When %union is specified these dollar-notations are available:
- o
- $$ =
- A value is assigned to the rule’s nonterminal’s semantic value. If the rule’s nonterminal was associated with one of the union’s field types, then the matching union field receives the value of the assignment expression’s right-hand side. If no association was defined then the variable representing the nonterminal’s semantic value is a plain union (i.e., STYPE_) variable.
- o
- $$(expr)
- Expr’s value is assigned to the rule’s nonterminal’s plain union (i.e., STYPE_) type. Any association that may have been defined between the nonterminal and a union field is ignored.
- o
- _$$
- This refers to the rule’s nonterminal’s plain union (i.e., STYPE_) type. Any association that may have been defined between the nonterminal and a union field is ignored.
- o
- $$
- This refers to the rule’s nonterminal’s semantic value.
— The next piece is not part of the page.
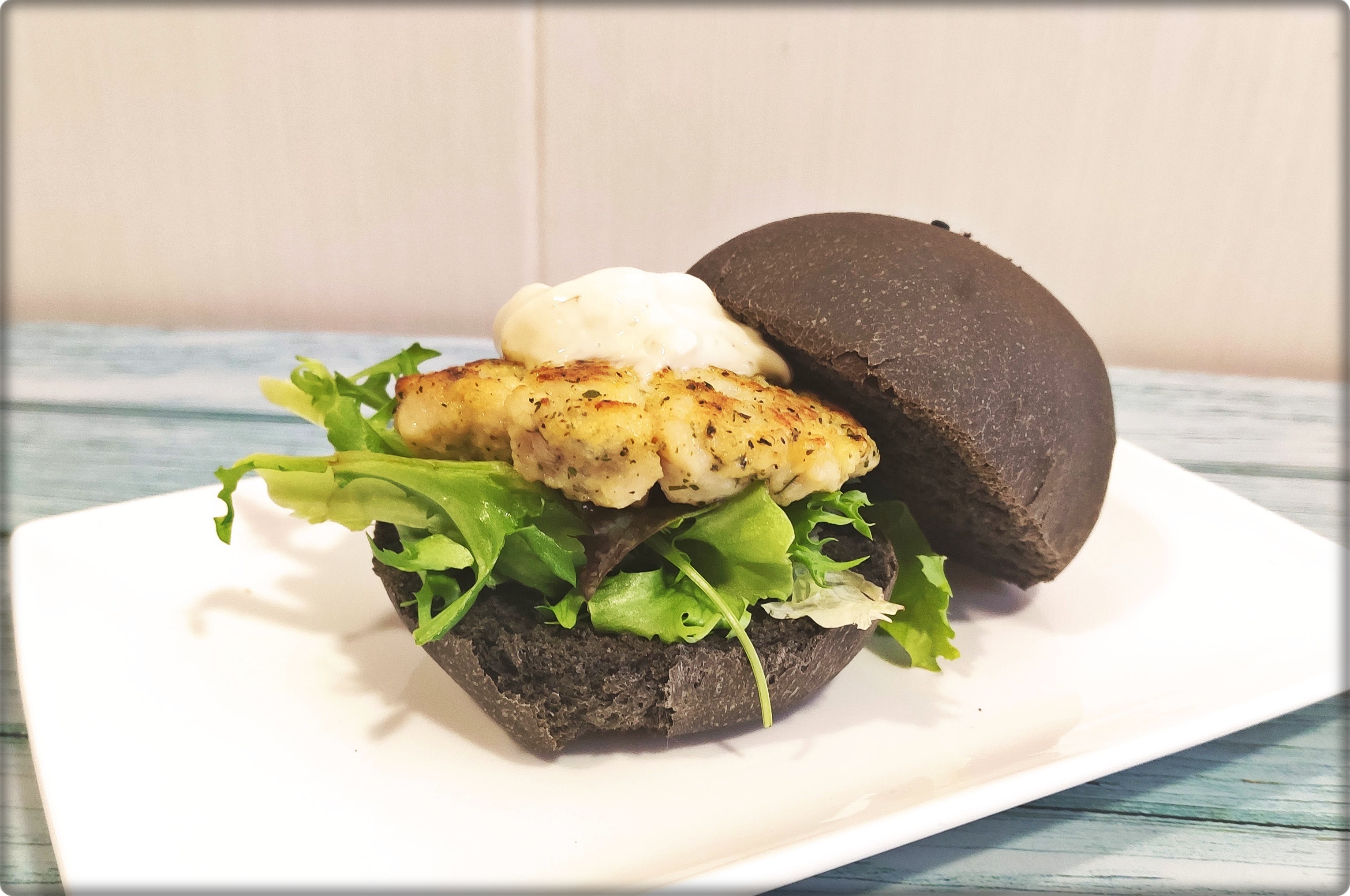 No os imagináis lo contenta que estoy con esta receta, está mal que yo lo diga, pero el resultado me ha parecido espectacular, empezando por el pan que estaba muy tierno por centro, pero con una deliciosa corteza crujiente, siguiendo por la hamburguesa de pescado, súper jugosa y deliciosa y acabando con esa mayonesa de albahaca que no podía estar más deliciosa.

If it was associated with one of the union’s types, then $$ refers to the associated union field. If no association was defined then $$ represents a plain union (i.e., STYPE_) type of variable.
- o
- $$.
- If the rule’s nonterminal’s semantic value was associated with one of the union’s types, then $$. is shorthand for the member selector operator, applied to the associated union field type. If no association was defined then $$. is shorthand for the field selector operator, applied to the nonterminal’s semantic value’s plain union (i.e., STYPE_) type.
- o
- $$->
- If the rule’s nonterminal’s semantic value was associated with one of the union’s types, then $$-> is shorthand for the pointer to member operator, applied to the associated union field type. If no association was defined then an error message is issued, as the pointer to member operator is not defined for plain union types.
- o
- _$1
- This refers to the current production rule’s first component’s plain union (STYPE_) value.
- o
- $1
- This shorthand refers to the semantic value of the production rule’s first element. If it was associated with one of the union’s types, then $1 refers to the associated union field. If no association was defined then $1 represents a plain union (i.e., STYPE_) type of variable.
- o
- $1.
- If the production rule’s first component’s semantic value was associated with one of the union’s types, then $1. is shorthand for the member selector operator, applied to the associated union field type. If no association was defined then $1. is shorthand for the field selector operator, applied to the first component’s semantic value’s plain union (i.e., STYPE_) type.
- o
- $1->
- If the production rule’s first component’s semantic value was associated with one of the union’s types, then $1-> is shorthand for the pointer to member operator, applied to the associated union field type. If no association was defined then an error message is issued, as the pointer to member operator is not defined for plain union types.
- o
- _$-1
- This refers to the plain union (STYPE_) value of a component in a production rule, listed immediately before the current rule’s nonterminal ($-2 refers to a component used two elements before the current nonterminal, etc.).
- o
- $-1
- Same: this refers to the plain union (STYPE_) value of a component in a production rule, listed immediately before the current rule’s nonterminal ($-2 refers to a component used two elements before the current nonterminal, etc.).
- o
- $-1.
- This is shorthand for the field selector operator applied to to the plain union (STYPE_) value of some production rule element, 1 element before the current rule’s nonterminal.
- o
- $-1->
- This shorthand refers to tho pointer to member operator applied to the plain union (STYPE_) value of some production rule element, 1 element before the current rule’s nonterminal. Its use results in an error message, as the pointer to member operator is not defined for plain union types.
- o
- $<field>-1
- This refers to the field union field of a component in a production rule, listed immediately before the current rule’s nonterminal. Note that the validity of the specified field for that particular component cannot be verified by bisonc++.
- o
- $<field>-1.
- This refers to the member selector operator of the field union field of a component in a production rule, listed immediately before the current rule’s nonterminal. Note that the validity of the specified field for that particular component cannot be verified by bisonc++.
- o
- $<field>-1-> This refers to the pointer to member operator of the field union field of a component in a production rule, listed immediately before the current rule’s nonterminal. Note that the validity of the specified field for that particular component cannot be verified by bisonc++.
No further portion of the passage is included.